Jedenfalls aber muss sich der Geschädigte im Wege der Vorteilsausgleichung die für die Dauer seines Fahrzeugausfalls ersparten Eigenaufwendungen anrechnen lassen. Die Höhe der ersparten Eigenkosten bemißt sich nach den maßgeblichen technischen und wirtschaftlichen Verhältnissen und ist bei gewerblich genutzten Fahrzeugen wegen der deutlich intensiveren Nutzung als bei privat genutzten Fahrzeugen regelmäßig höher anzusetzen (Palandt, a.a.O., § 249 RN 36). Der Geschädigte erspart schließlich neben den sog. beweglichen Betriebskosten (Öl, Schmierstoffe, Reifen, Reparatur- und Inspektionsanteil) bei einem Fahrschulwagen während der Dauer des Werkstattaufenthaltes auch in ganz erheblichem Maße den sog. „Eigenverschleiß“ und hat den Vorteil des in der Zeit des Wagenstillstandes unterbliebenen Wertverlustes seines Autos. Das wiegt angesichts der gegenüber einem Privatfahrzeug deutlich höheren durchschnittlichen Jahresfahrleistung eines Fahrschulwagens, der nicht nur werktäglich im Takt der Fahrstunden (ggf. auch von mehreren Fahrlehrern) praktisch durchgehend genutzt wird (Standzeiten, wie etwa bei Taxis üblich, können bei Fahrschulwagen durch Vorausplanung der Fahrstunden regelmäßig vermieden werden.), sondern darüber hinaus auch für Nacht- und Überlandfahrten, ggf. sogar am Wochenende genutzt wird und angesichts der laufenden Benutzung durch fahrtechnisch wenig versierte Fahranfänger und des damit einhergehenden erhöhten Verschleißes besonders schwer.

Das Gericht schätzt den danach gebotenen pauschalen Abzug für einen Fahrschulwagen gem. § 287 ZPO auf jedenfalls 25 % der reinen Mietwagenkosten (vgl.
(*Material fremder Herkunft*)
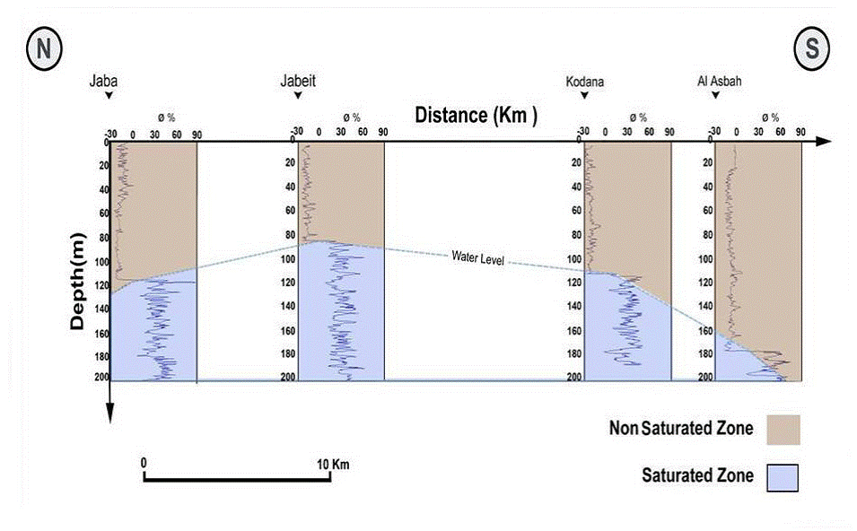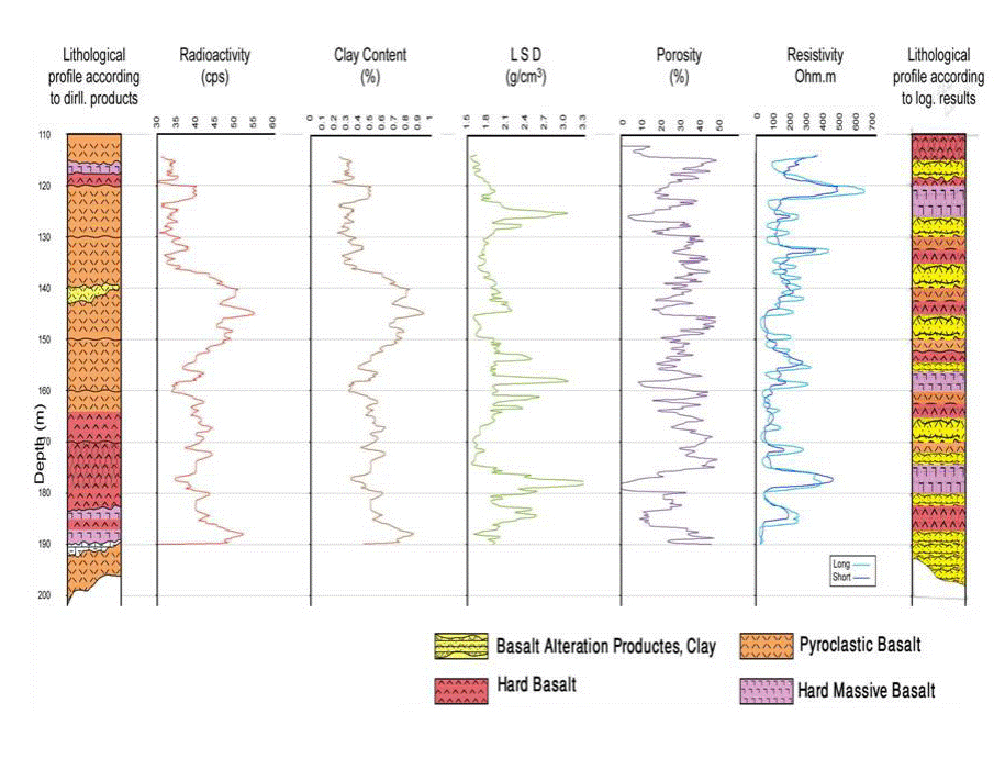 Figure 2 shows the different logs obtained in the Kodana borehole. Those logs include the natural gamma ray (cps), the density LSD log (g/cm3), the porosity (%), and the short and long normal resistivity (Ohm-m) (Asfahani, 2011). The logs shown in Figure 2 cover only the saturated Neogene basalt aquifer from a depth of 110m. The water level and the interface between the saturated and non-saturated zones were already determined by neutron-porosity logs (Asfahani, 2011), as shown in Figure 3. The lithological description of the traversed layers in the saturated basaltic zone, shown in the right side of Figure 2 was established according to the different mentioned borehole logging results and their statistical treatment (Asfahani, 2011).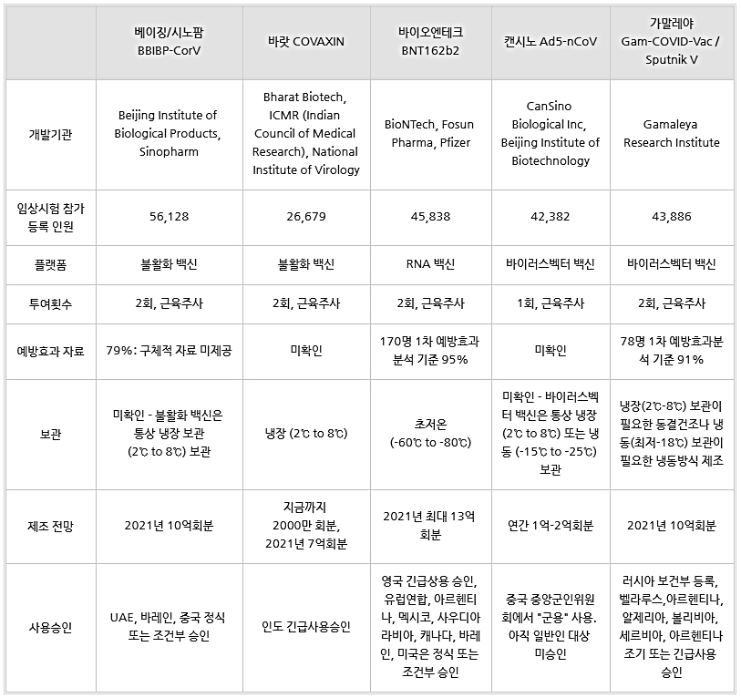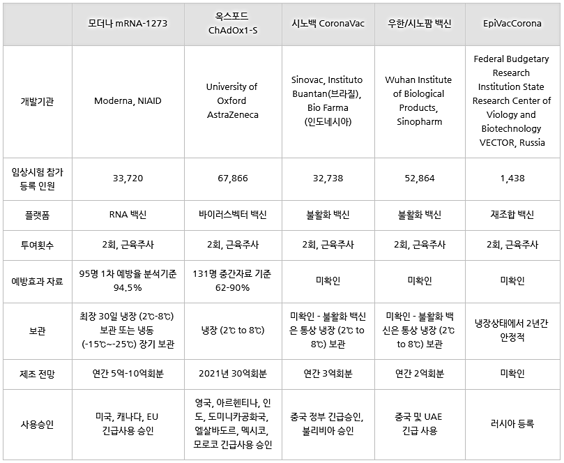 현재 투여 중인 코로나19 백신은 3상을 통해 예방효과가 발표된 것과 그렇지 않은 백신들이 섞여 있으며, 1월 12일 기준 긴급사용이나 조건부 승인 또는 제한적 사용이 허가된 백신은 총 10종이 있습니다.

LG Karlsruhe, Urteil vom 17.12.2012, Az.: 8 O 285/12; OLG Hamm, Urteil vom 12.06.1991, Az.: 13 U 255/90; LG Saarbrücken Urteil vom 05.04.2012, Az.: 13 S 15/12; s. auch Palandt, a.a.O., § 249 RN 36).

Nachdem die Beklagte hier bei der Regulierung eben diesen Abzug angesetzt hat, war die auf weitergehende Zahlung gerichtete Klage abzuweisen.

Nach dem Zuvorgesagten hat der Kläger auch keinen Anspruch auf Erstattung über bereits gezahlte 347,60 € hinausgehende vorgerichtliche Rechtsanwaltskosten.

Die Kostenentscheidung beruht auf § 91 Abs. 1 ZPO, die Entscheidung zur vorläufigen Vollstreckbarkeit auf §§ 708 Nr. 11, 711 ZPO.